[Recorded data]
....

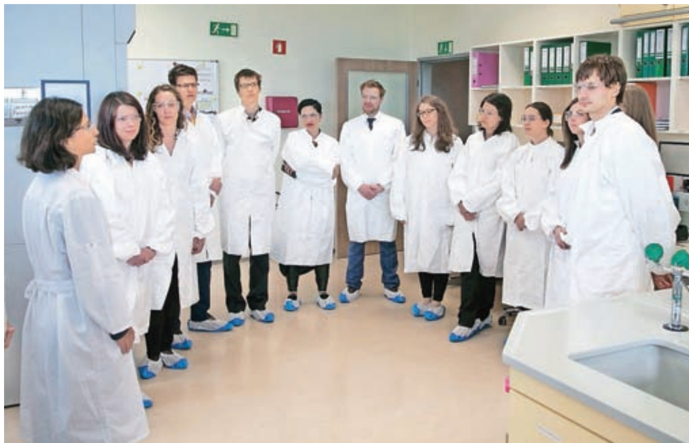
Regijskega BioCampa se je udeležilo 35 študentov iz 11 držav.

Regijski BioCamp je namenjen študentom zadnjega letnika dodiplomskega študija ter magistrskim, doktorskim in postdoktorskim študentom naravoslovnih znanosti. Letošnjega, ki je potekal od nedelje do torka, se je udeležilo 35 študentov iz enajstih držav, ki so jih izbrali med stotimi mladimi znanstveniki. Poleg predavanj vrhunskih strokovnjakov so udeleženci pripravili tudi referate na temo naprednega zdravljenja bolezni dihal za boljšo kakovost življenja bolnikov.
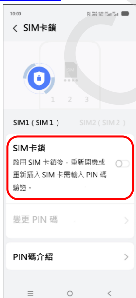
6. SIM 卡鎖→開啟
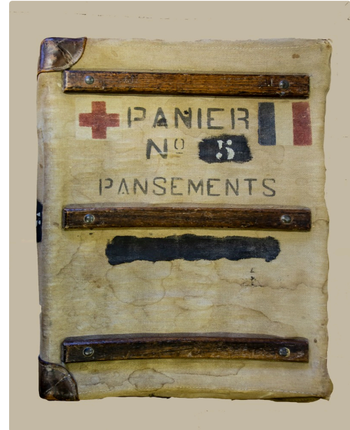
Panier de pansements
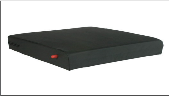
P5. Kørestolspude med ventil for regulering af luftindhold
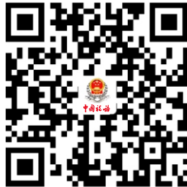
18.申报享受税收减免
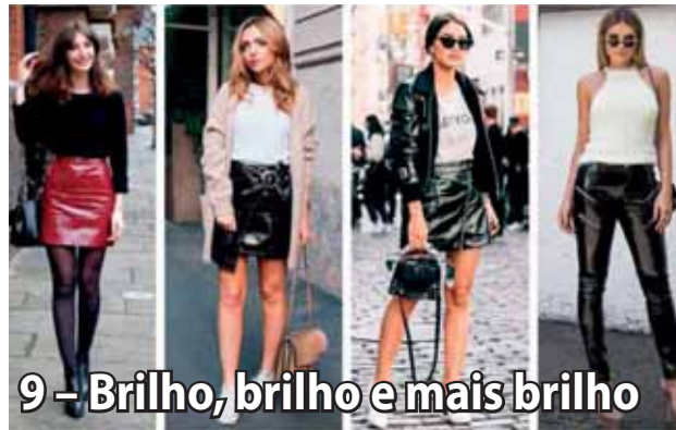
9 - Brilho, brilho e mais brilho

Os acabamentos brilhantes, estarão em alta, sendo uma das tendências da moda inverno 2019. Será sua chance de se destacar com paetês, vinil, efeito holográfico e verniz. Independente do material escolhido, o que realmente importa é estar brilhando. Um dos truques de styling com essas peças é contar com itens brilhantes, combinados com looks total preto ou total branco. Casacos, coletes e saias estarão com tudo!
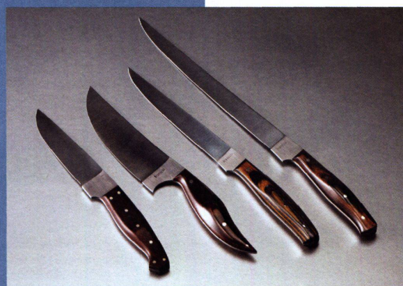
Edle Küchenmesser Couteaux de cuisine pleins de noblesse
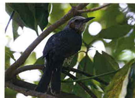
ヒヨドリ (ヒヨドリ科)
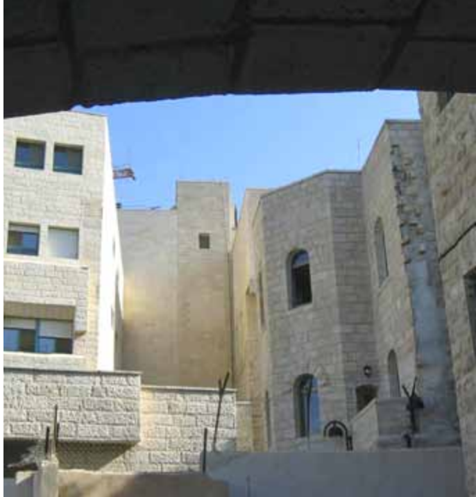
Dagens Betlehemssjukhus är ett komplex i flera våningar. Vy från Den Gode Herdens svenska skola.

familjen börjar planera för att stanna i hemlandet. De flyttar till Halmstad där Gustaf öppnar egen praktik och bygger dem ett eget hus.
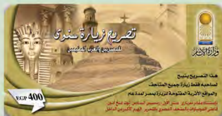
تصريح زيارة سنوي المصريين والعرب المقيمين
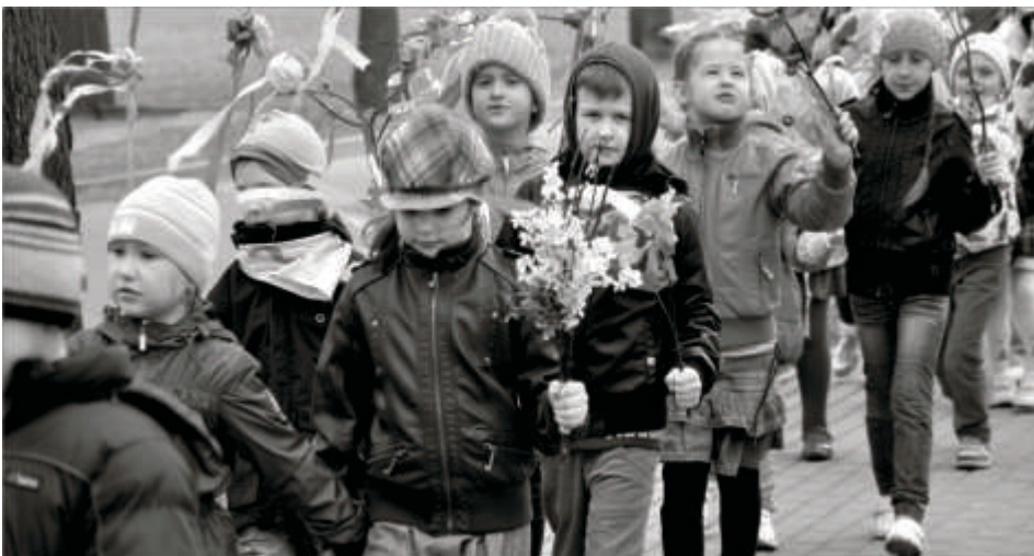
Przedszkolaki witają wiosnę

przedszkolaki nie witały jej z pustymi rękami. Barwny, wiosenny korowód przeszedł ulicami Zbąszynka i zakończył się uroczystym świętowaniem rozpoczęcia wiosny.
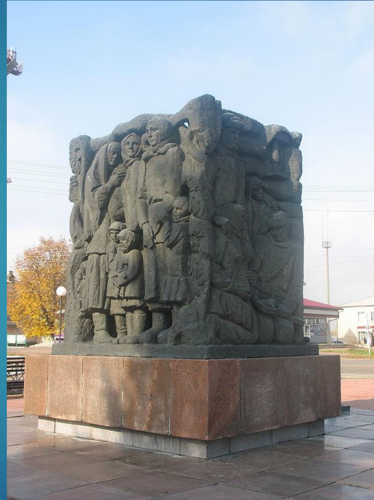
Меморіал жертвам Корюківської трагедії
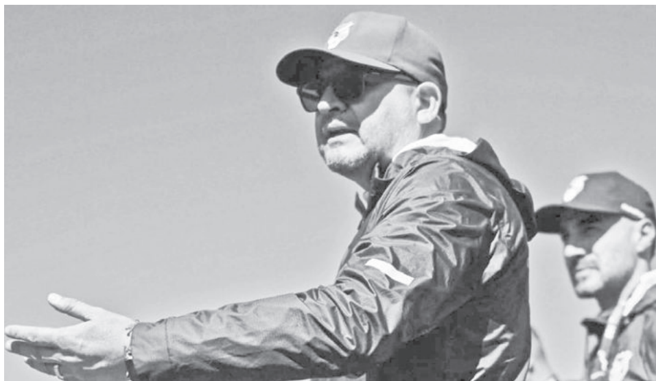
El DT de la Selección Nacional, Óscar Villegas.

“Todos los jugadores son evaluados, los vemos permanentemente y a todos, jóvenes, no tan jóvenes, los experimentados, y, si es necesario a los naturalizados, no tenemos problemas, pero hay una base que nos ha mostrado y nos ha llevado al repechaje y se merecen ser considerados”, aseguró el seleccionador nacional, quien ayer recibió muestras de cariño de la afición cochabambina, presente en los predios donde se construirá la Casa de la Verde.
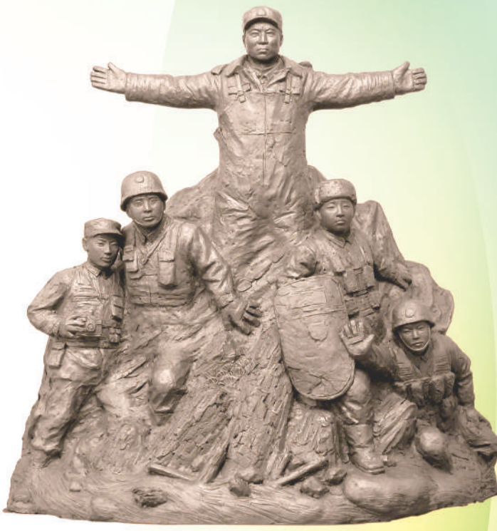
▲雕塑《山河》，作者何鄂。
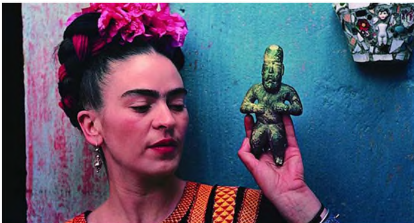
Mujeres en el Arte
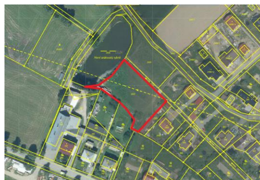
Návrh č. 5 v ortofoto

....

■ EXERCISE ■
Select the lines from the entries that include the word "držav".

■ TASK RESPONSE ■
Regijskega BioCampa se je udeležilo 35 študentov iz 11 držav.
Regijski BioCamp je namenjen študentom zadnjega letnika dodiplomskega študija ter magistrskim, doktorskim in postdoktorskim študentom naravoslovnih znanosti. Letošnjega, ki je potekal od nedelje do torka, se je udeležilo 35 študentov iz enajstih držav, ki so jih izbrali med stotimi mladimi znanstveniki. Poleg predavanj vrhunskih strokovnjakov so udeleženci pripravili tudi referate na temo naprednega zdravljenja bolezni dihal za boljšo kakovost življenja bolnikov.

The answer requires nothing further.